Mr Tanis has acknowledged the legacy of former president, the late Joseph Kabui, who died from a heart attack last June.
Mr Kabui, in the final stages of his life, was increasingly criticised over a series of controversial deals on future mining concessions.
Mr Tanis distanced himself from his friend and former boss.
“I cannot be another Kabui,” he said.
“I am James Tanis. I will continue his (Kabui) works but, at the same time, I am not just a photocopy.
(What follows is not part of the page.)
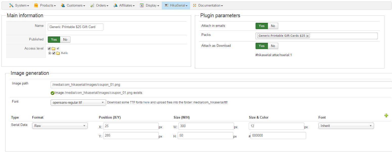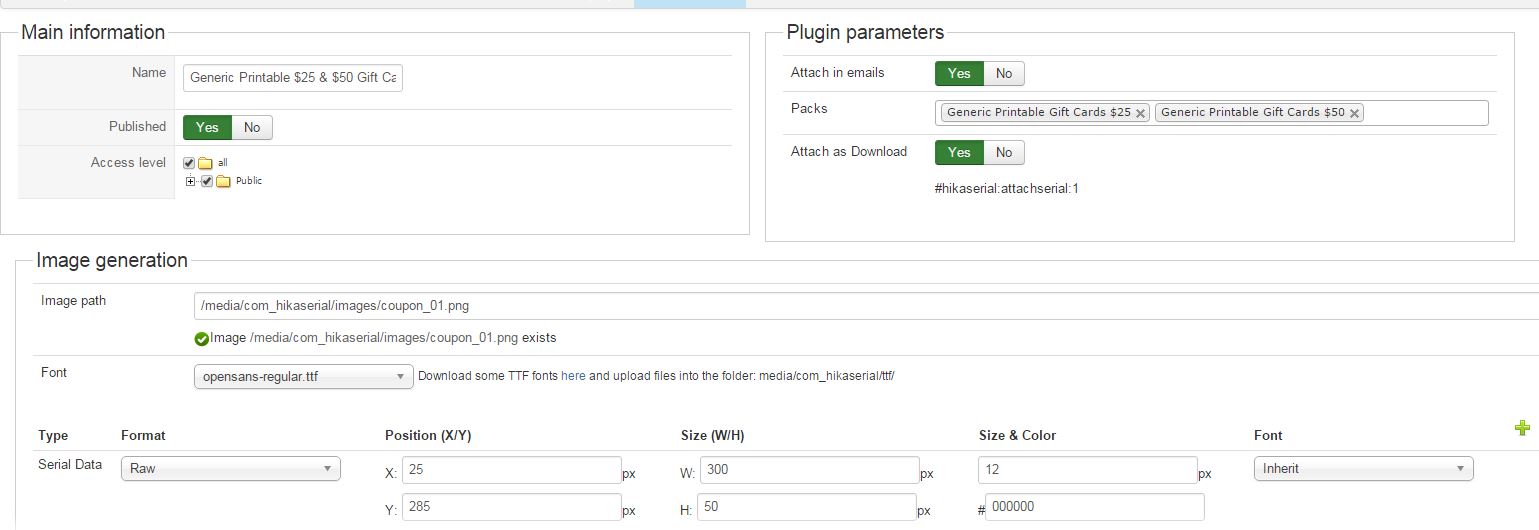 I uploaded a screenshot of the hikaserial configuration settings, hikashop product variant settings with the pack attached, the order which default is set to confirmed., pack settings, serial settings, and serial attach settings.

I must continue the good work my way.”
Mining was what brought Bougainville into the world’s focus and made it the hub of PNG’s economy.
It brought Bougainville boom but it also brought bust and sparked the civil war.
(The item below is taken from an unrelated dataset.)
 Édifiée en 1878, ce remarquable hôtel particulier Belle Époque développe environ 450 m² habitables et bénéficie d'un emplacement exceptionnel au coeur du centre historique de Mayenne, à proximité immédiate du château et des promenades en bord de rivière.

“I want to make it very clear that I will not force mining upon you,” Mr Tanis told Bougainvilleans.
“Any decision on mining rests in the hands of the people of Bougainville.
“We must remember that Bougainville’s future does not depend on mining alone.
“We need a broad-based economy,” Mr Tanis said.
“To the Panguna landowners, I say I support you in your moves to end the conflict where it started,” he said.
The conflict and formative events of 1988 interrupted Mr Tanis’ undergraduate degree in PNG.
Instead of continuing studies, he went home and joined the armed struggle.
But despite his close association with former Bougainville Revolutionary Army leaders Francis Ona and Mr Kabui, Mr Tanis is more recently known as a key player forging the peace agreement.
After that, from 2003 to 2005, Mr Tanis worked as Bougainville’s minister for peace and autonomy where he pushed for reconciliation, peace building and gun reduction in troubled south and central Bougainville.
In the 2005 presidential elections, Mr Tanis came third behind John Momis, PNG’s current ambassador to China, and the overall winner Mr Kabui.
Since then, Mr Tanis has operated a small tradestore in Bougainville’s relatively peaceful capital Buka.
In an essay Mr Tanis wrote in 2005, he recalled the Panguna mine office fire in 1988 when he worked as a casual employee in the mine’s finance section.
He heard workers complain that expatriate staff were better paid and Australian bosses showed favouritism and failed to employ enough locals.
The mine’s toxic tailings polluted a river his clan relied on for food and customary practice near where he was born in Panam village, Lamane, South Bougainville near the border with Central Bougainville.
A 10-year secessionist conflict followed by many years of slow peace building racked by continuing internal division with little economic development means Bougainvilleans face tough challenges to rebuild their infrastructure and economy.
Mr Tanis knows if Bougainville’s pieces are to be put together again, he has to first pick up the peace process, then comes the ultimate goal – independence.